*** Opening Records supplied ***

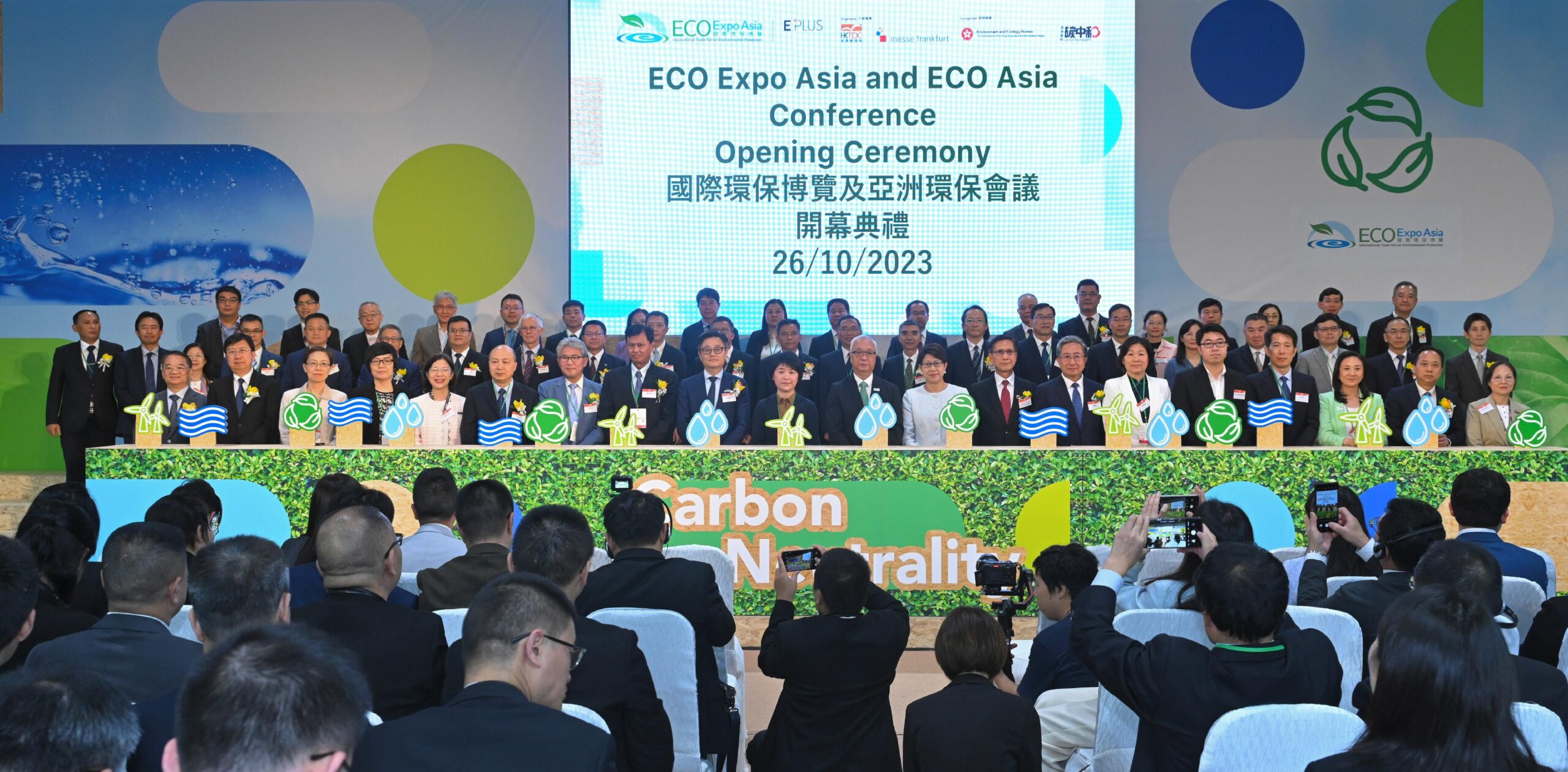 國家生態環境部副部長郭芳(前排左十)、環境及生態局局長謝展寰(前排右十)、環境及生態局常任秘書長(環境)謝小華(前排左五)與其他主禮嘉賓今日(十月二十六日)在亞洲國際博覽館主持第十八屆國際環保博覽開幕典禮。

*** Closing Records supplied ***
*** Opening Records supplied ***

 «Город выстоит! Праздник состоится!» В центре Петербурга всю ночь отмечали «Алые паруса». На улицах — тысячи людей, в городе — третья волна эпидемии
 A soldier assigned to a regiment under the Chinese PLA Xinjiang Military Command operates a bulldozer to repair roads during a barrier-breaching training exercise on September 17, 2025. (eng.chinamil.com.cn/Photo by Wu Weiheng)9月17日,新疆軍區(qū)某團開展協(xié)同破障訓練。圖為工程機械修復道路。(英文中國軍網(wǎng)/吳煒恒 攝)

*** Closing Records supplied ***

* _Problem details_
Reproduce exactly, and with no other material, the lines between those holding "третья волна эпидемии" and "A soldier assigned", inclusive.

* _Exercise result_
 «Город выстоит! Праздник состоится!» В центре Петербурга всю ночь отмечали «Алые паруса». На улицах — тысячи людей, в городе — третья волна эпидемии
 A soldier assigned to a regiment under the Chinese PLA Xinjiang Military Command operates a bulldozer to repair roads during a barrier-breaching training exercise on September 17, 2025. (eng.chinamil.com.cn/Photo by Wu Weiheng)9月17日,新疆軍區(qū)某團開展協(xié)同破障訓練。圖為工程機械修復道路。(英文中國軍網(wǎng)/吳煒恒 攝)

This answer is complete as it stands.